Joanna creció en una familia bien formada. Papá Ben, mamá Kenny, la hermana Claudia y un gato, Mookie. Así lo hace saber una edición del Larchmont Gazette del año 2003, en el que la familia toda firma una carta titulada «There is always hope». El texto de la carta versa (“we learned an amazing life lesson…”) sobre la casualidad y la alegría de encontrar, después de considerarlo largamente perdido, al gatito Mookie en una especie de pozo. Al verlo atrapado así, los Roberts llamaron al Larchmont Fire Department y al Larchmont Nursery. Con la ayuda de estas dos instituciones, los Roberts finalmente recuperaron a Mookie. En la carta, consideran esto como “the best holiday [se refieren al comienzo del año 2003] present imaginable”. En un primer momento, sin embargo, el gatito estaba extremadamente deshidratado. Por eso fue llevado al Village Animal Hospital, en Larchmont, y luego al Animal Medical Center de Nueva York, donde el doctor Peggy Booth se hizo cargo de él. La carta, finalmente, se revela como un festejo por haber encontrado al gato (“we are so overwhelmed with happiness to have our cat come home tonight”) y, al mismo tiempo y con similar importancia, es una muestra de gratitud a toda la gente de Larchmont “for this community’s support and encouragement”.
Joanna Roberts, actualmente de tan solo diecinueve años, ha firmado también, esta vez ella sola, un artículo titulado «The Butterfly Effect». Allí Joanna reflexiona sobre la profunda y misteriosa interconexión universal, cuya verdadera comprensión debería modelar nuestras conductas. Transcribo: “it’s easy to limit your understanding of yourself to believe that you are insignificant”. El artículo empieza y finaliza con una misma frase: “All the words we say today will come back to us on our doorstep in the newspaper tomorrow”. El texto aparece acompañado de una foto verdaderamente perturbadora: una Joanna de perfil, entusiasta y aniñada.

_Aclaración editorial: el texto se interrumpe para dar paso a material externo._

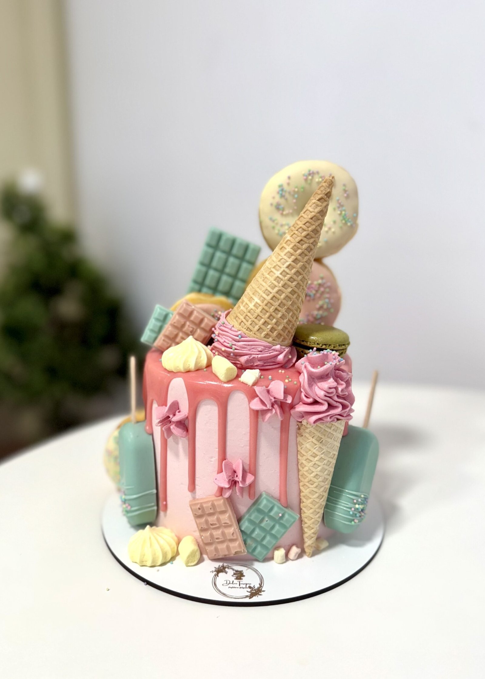 ¿Buscas un pastel que sea tan delicioso como visualmente impactante? Nuestro pastel con temática de helados y chuches es la opción perfecta para cualquier celebración. Este diseño único combina la dulzura clásica de los helados con la diversión de las chucherías, creando una experiencia inolvidable para todos los invitados. Además, puedes elegir el sabor que más te guste y personalizar los colores para que se adapten perfectamente a tu evento.
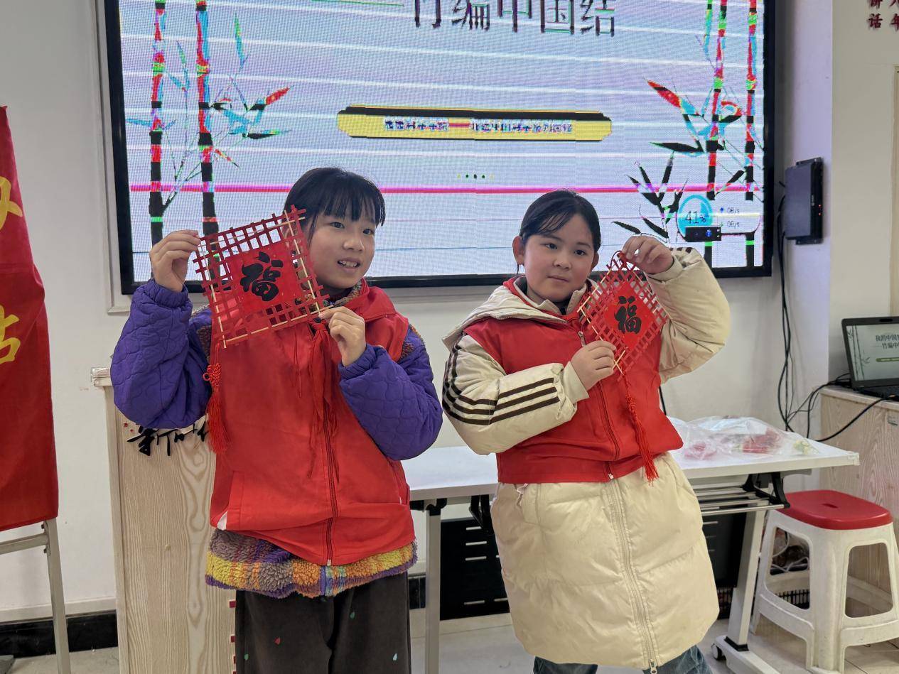 在动手实践环节,领到制作材料的同学们迫不及待地按照老师演示的编织步骤操作起来:先将红色竹篾交错编织成十字井字格底座,再小心翼翼地贴上福字,最后搭配中国结挂饰进行装饰。孩子们一边认真模仿,一边向老师和同伴请教如何梳理竹篾、调整结构。经过大家的共同努力,红色的竹篾搭配喜庆的福字与中国结,一个个色彩鲜艳、寓意吉祥的竹编中国结相继诞生。孩子们捧着自己的作品,爱不释手,成就感十足。
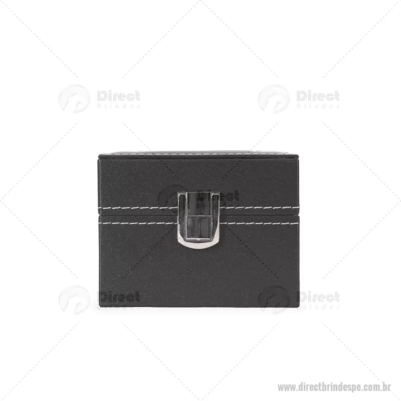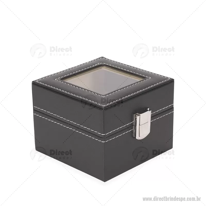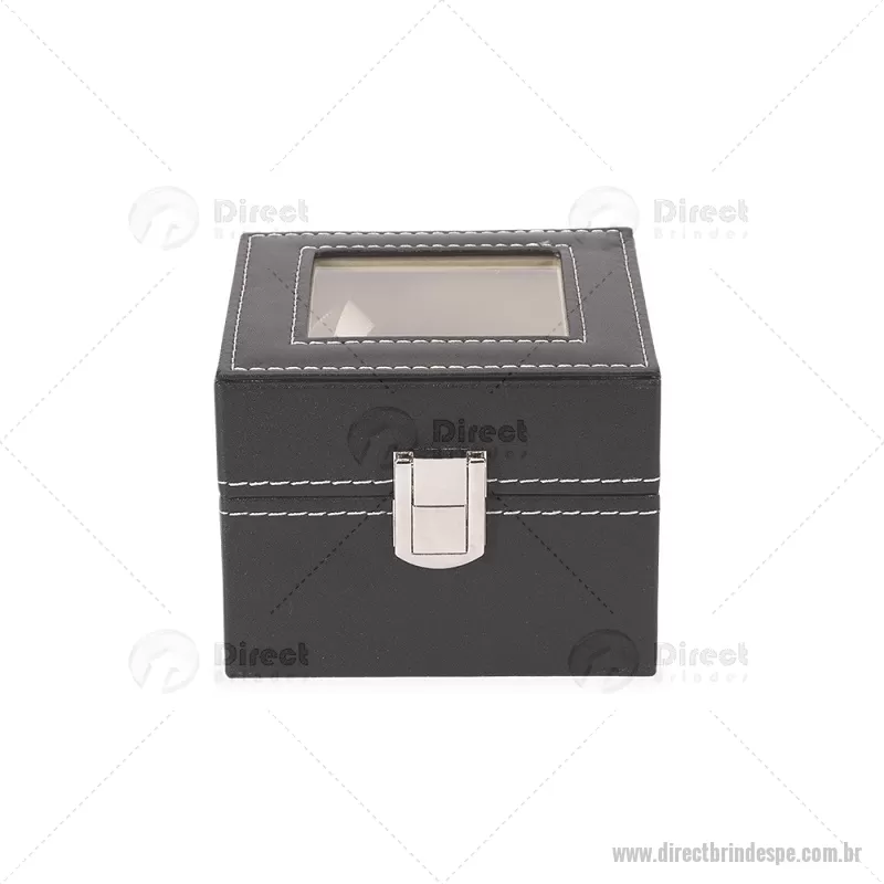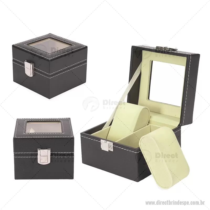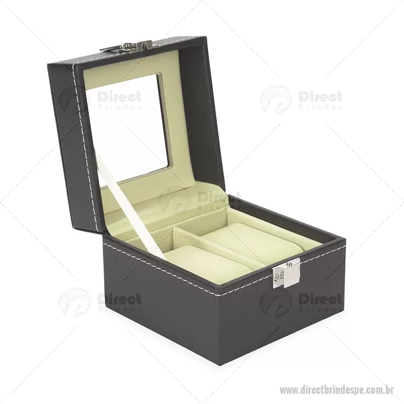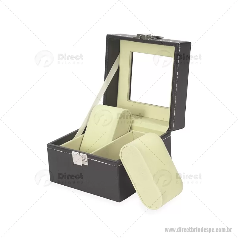 Porta relógios com acabamento externo em couro sintético à base de PVC e interior revestido em veludo macio. Possui duas divisórias com almofadas removíveis para melhor acomodação das peças, tampa com visor em vidro que facilita a visualização e trava de segurança que garante o fechamento adequado do estojo. Ideal para organizar e proteger relógios com elegância. - - DRTPEPREL001
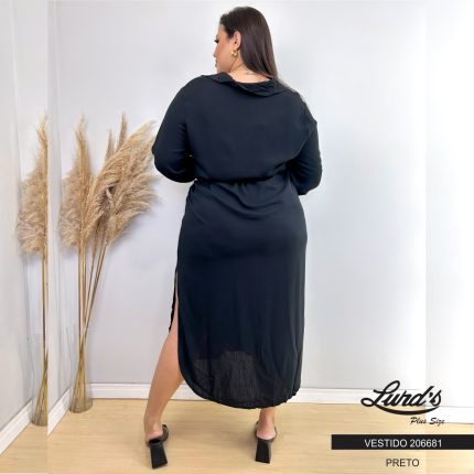 Vestido Plus Size Manga Curta Ref 206681 Preto

Al parecer, Joanna Roberts ha apoyado una solicitada para la campaña Ride for Peace, cuyo logo es un ciclista usando casco y sosteniendo una bandera en la que se lee, justamente, la consigna. También ha sido uno de los treinta y dos estudiantes que calificaron para el AP Scholar con Distinction Award, junto con, por ejemplo, Evan Palmer-Young, Daniel Plansky, Marc Raifman, Jacob Shapiro, Lauren Sher, Nicholas Smeets, Michael Vespe y Allison Waks.

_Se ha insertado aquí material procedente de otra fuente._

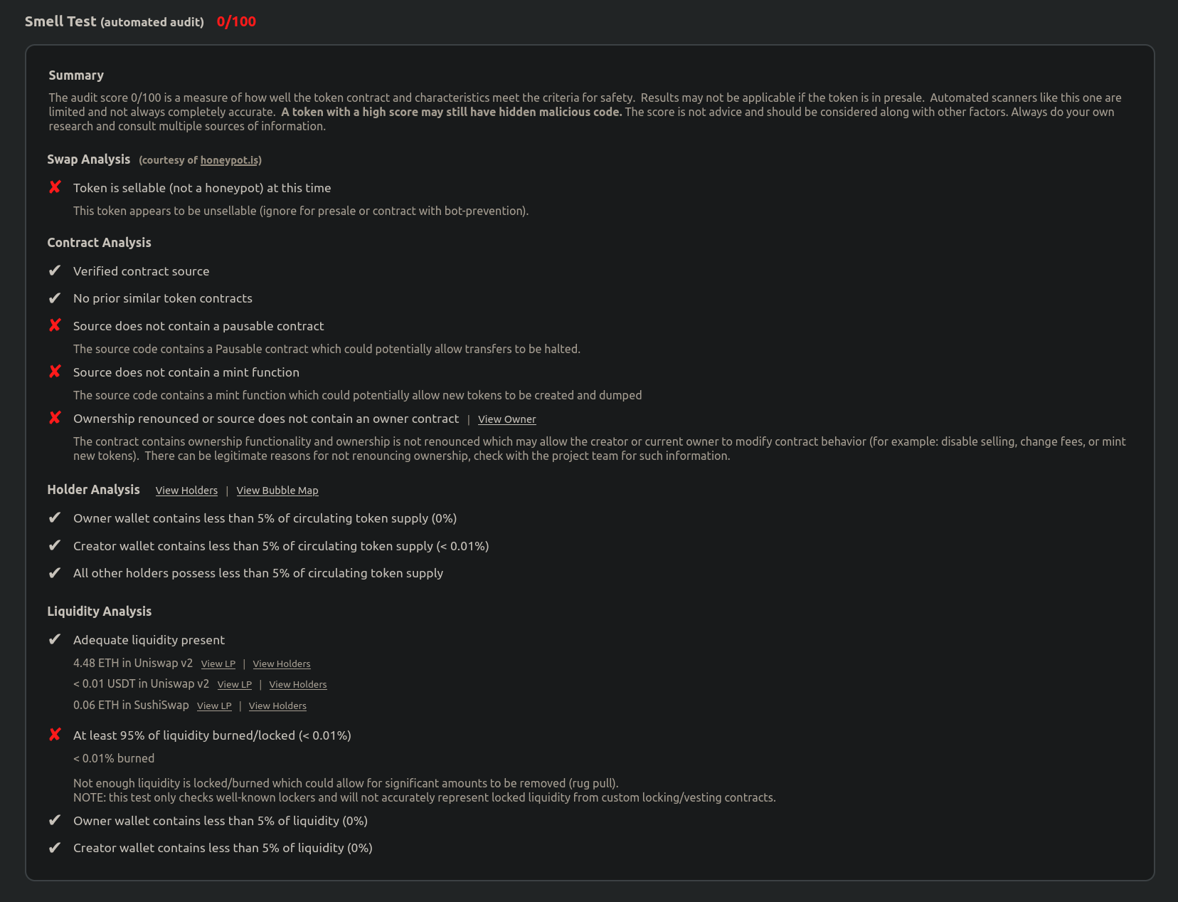 Is the token source code identical to that of a previous scam? Is the token vulnerable to any previously discovered vulnerability that any past project has suffered?
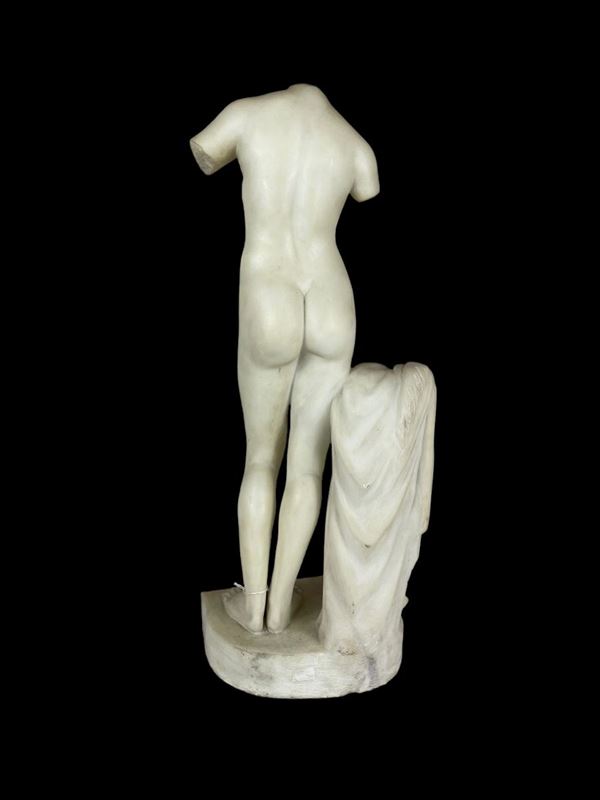 Scultura in volume di Venere, ripresa da Venere di Milo, in marmo bianco statuario. Produzione italiana. Prima metà XX secolo.
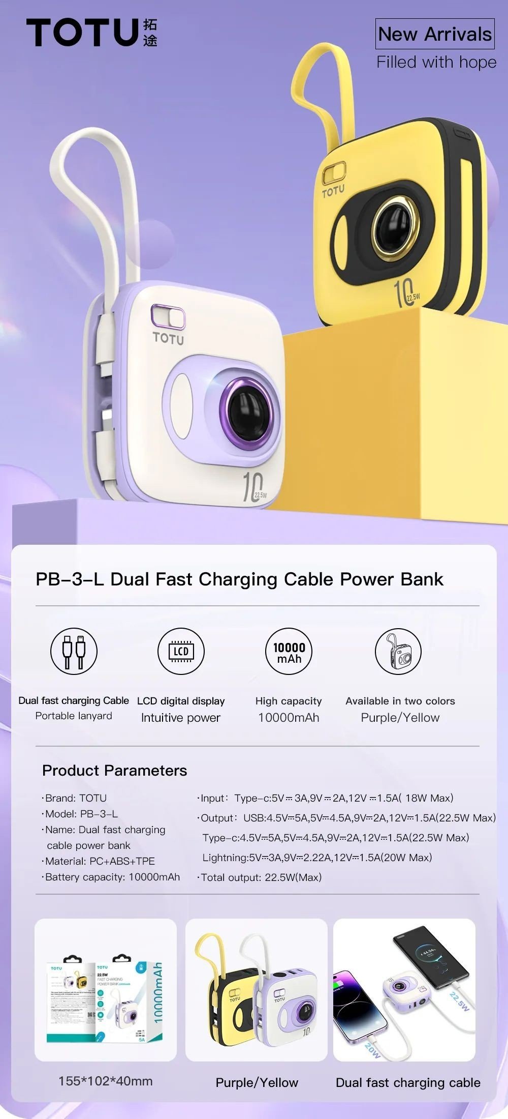 Việc sở hữu một chiếc pin sạc dự phòng là một điều vô cùng cần thiết cho những ai thường xuyên học tập và làm việc ở môi trường bên ngoài. Totu PC-3L là sản phẩm pin sạc với thiết kế kiểu dáng máy ảnh độc đáo sang trọng. Kèm theo đó là khả năng sạc nhanh hai chiều với công suất lên đến 22.5W ( Max). Dung lượng pin 10000mAh đáp ứng nhu cầu sạc các thiết bị nhiều lần trong ngày. Với những ưu điểm này , đây chắc chắn là lựa chọn hoàn hảo dành cho những ai đang tìm kiếm một chiếc sạc dự phòng phù hợp.
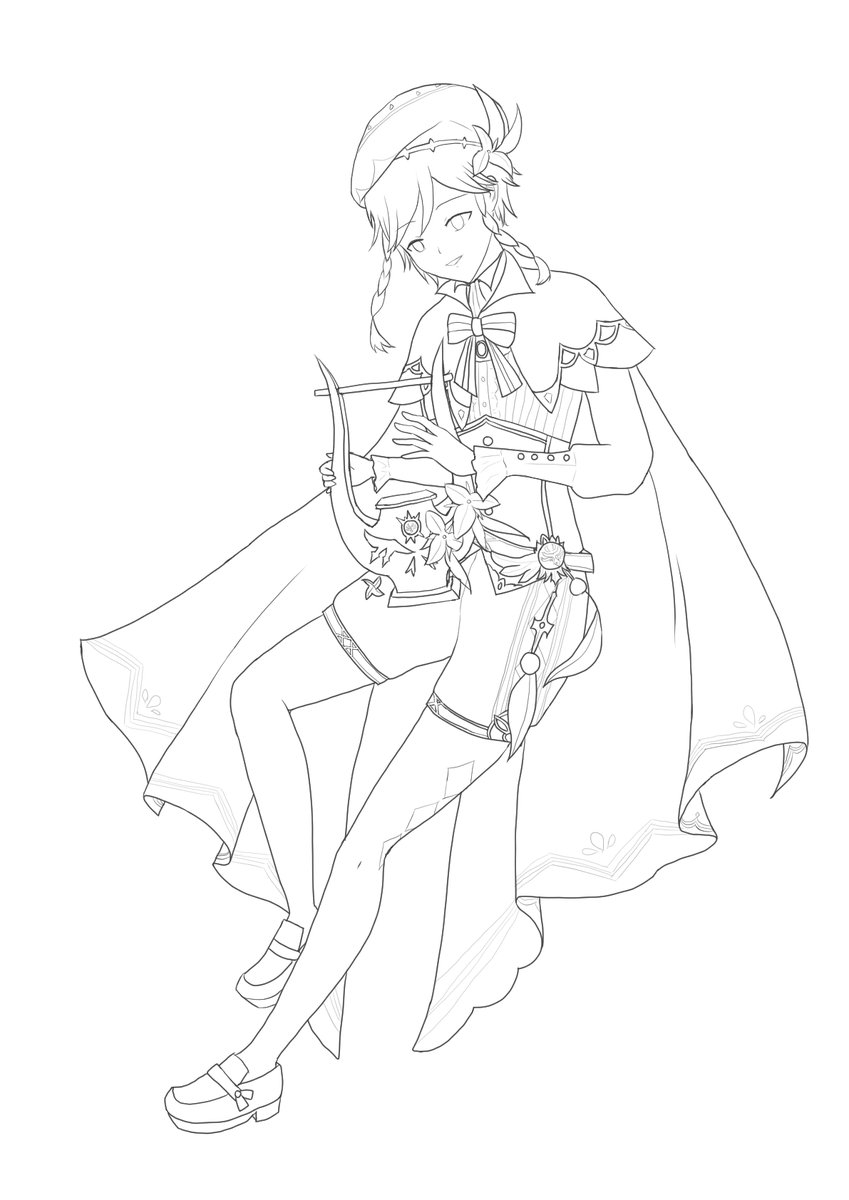 服の装飾多すぎて線画で力尽きたウェンティ #原神イラスト #GenshinImpact

Joanna Roberts, sin embargo, fue la única que apareció un lunes lluvioso, en el insólito horario de la una de la tarde, en el aula 234 de Puan.
El profesor Marcelo G. Burello entendió perfectamente, cuando terminó la clase, que entre la conversación que estábamos teniendo y el “what´s your name?” que me fue dirigido desde Joanna Roberts no había comparación posible. Muy sutilmente, aunque también de manera forzada, nos despedimos, detuve mi marcha y contesté.
Al llegar a la puerta de la Facultad, dos pisos más abajo, yo estaba dispuesto a todo. Lo primero fue cambiar su destino: en vez de subte E, subte A. Caminata por Caballito e invitación para ir a ver Martín Fierro, la película, en el Tita Merello. Nos bajamos en Avenida de Mayo y Nueve de Julio. Pasamos por el Hotel Castelar, vimos la placa dedicada a García Lorca y emprendimos la triple avenida. Yo caminaba suficientemente, ubicando mis pies en las zonas secas del suelo. Ella, muy por el contrario, parecía en medio de un rally, y saltaba como esquivando vertiginosos obstáculos móviles. En ese momento empecé a mirar su cuerpo y su vestimenta. Era una chica yanqui, llamativa, hermosa, que sólo por esas cosas del mundo globalizado podía estar superponiendo su vida con la mía.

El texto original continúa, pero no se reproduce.